Because the vast majority of oil-fired power generation buying is east of Suez, so the recent impact was focused on the Singapore bunker market rather than in the West. Over the three months to October, average HSFO bunker prices in Rotterdam have still risen by more than VLSFO, but the strains have not been as great as in Singapore. Summarising the July to October period, VLSFO was up by around $60/mt in both markets, whereas HSFO was up $70/mt in Rotterdam, and Singapore was the most extreme with HSFO up $87/mt.
Source: Integr8 Fuels
High gas prices did narrow the Singapore VLSFO/HSFO spread
The outcome of these pressures and price movements was an unexpected shift in the VLSFO/HSFO spread in Singapore. In earlier reports we have highlighted the impact of the pandemic and that demand losses in the bunker market have been far less than most other oil products (e.g. gasoline, diesel, gasoil and especially jet). With VLSFO typically a blended product, the weakness in demand and pricing for these other products and components meant VLSFO pricing was relatively weak. In contrast HSFO pricing was relatively strong against the rest of the oil barrel because of the ‘better’ demand position and a huge cut in supply from much lower refinery throughputs.
These divergent trends in VLSFO and HSFO pricing last year led to the squeeze in their price differential, to only $60/mt in Singapore and close to $40/mt in Rotterdam. Expectations were always that as global oil demand increased coming out of the pandemic, this squeeze would be reversed; higher demand for gasoline, diesel/gasoil and components would strengthen their relative prices and also drive the price of VLSFO along with it. At the same time, there would be only minimal gains in HSFO demand and refineries would operate at much higher levels, increasing the availabilities of HSFO; so, the relative pricing for HSFO would become weaker. All this played out ‘as expected’ from the back end of 2020 right through until early August this year; the VLSFO/HSFO spread doubled, to $110-120/mt in Singapore and to$100-110/mt in Rotterdam.
Source: Integr8 Fuels
Because of developments in natural gas/LNG pricing, all this started to change around mid-August. That was when power utility buyers entered the high sulphur fuel oil market and the VLSFO/HSFO spread ‘unexpectedly’ narrowed again, to average $80/mt in September and get as low as $60/mt in early October. The impact in the West was nowhere as evident, with the VLSFO/HSFO spread still averaging more than $100/mt.

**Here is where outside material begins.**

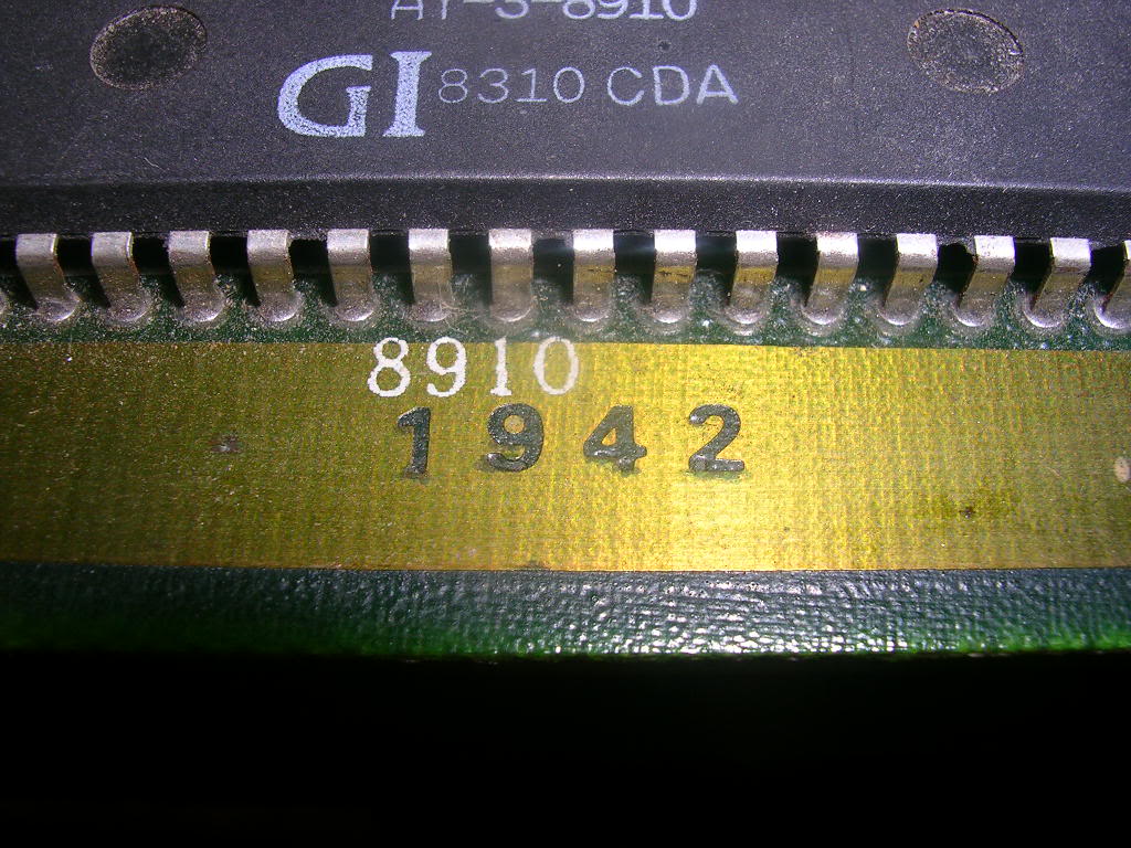 At this point I finally got round to dumping the ROM contents, none of the 3 ROMs by the 6116 were recognised, the main program EPROM (a 27c64) was not even seen by my tester, yet when it was told to blindly drive the chip gave a dump that was an exact match for the 1st ROM in the Capcom set. On the far side of the GFX board were 5 other 27c128 ROMS, 3 dumped fine and matched the capcom set, one had contents not recognised and one was totally dead - not detected and gave a dump full of FFs. The 3 chips that read fine still had their original stickers on them and were all Mistubishi chips, the remaining two had no stickers and were a TI and a Hitachi ROM - not original.
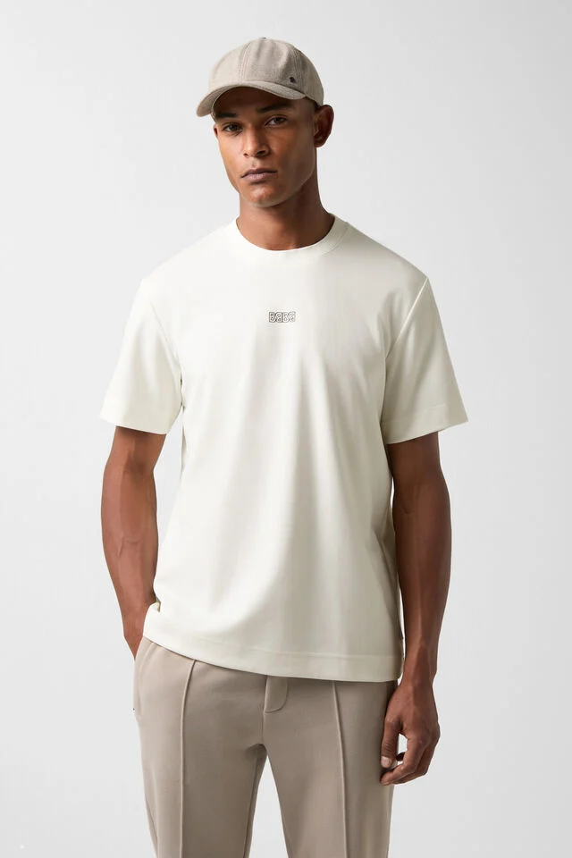 The design is designed without fastening, with appliqued B-Rubber logo on the sleeve and hem with fine decorative stitching

These developments are not permanent, but could be repeated
In the past few days, we have seen another dramatic change, with the VLSFO/HSFO spread widening again to more than$120/mt in Singapore. Some of the contributing reasons for this have been a build in Singapore stocks and lull in power utilities buying or putting out tenders for fuel oil, with for instance Pakistan stepping back from the market.
However, we are still only at the start of the northern hemisphere winter and these pressures in the market for natural gas/LNG are expected to last through to February/March. We could easily see power utilities entering the market again with another buying surge for HSFO east of Suez.
We have to watch the weather, the natural gas/LNG markets and the potential buying from oil-fired power utilities and if this takes place, we could expect another narrowing across the VLSFO/HSFO spread in Asia this winter.
As we come out of winter, demand for oil-fired power generation is expected to ease and any pricing pressures on HSFO removed. However, the squeeze we have just seen at an early stage in the northern hemisphere winter may not be a one-off. The pressures look as though they could be here for a number of years to come and if so, we could see more squeezes and seasonality in the Singapore VLSFO/HSFO spread.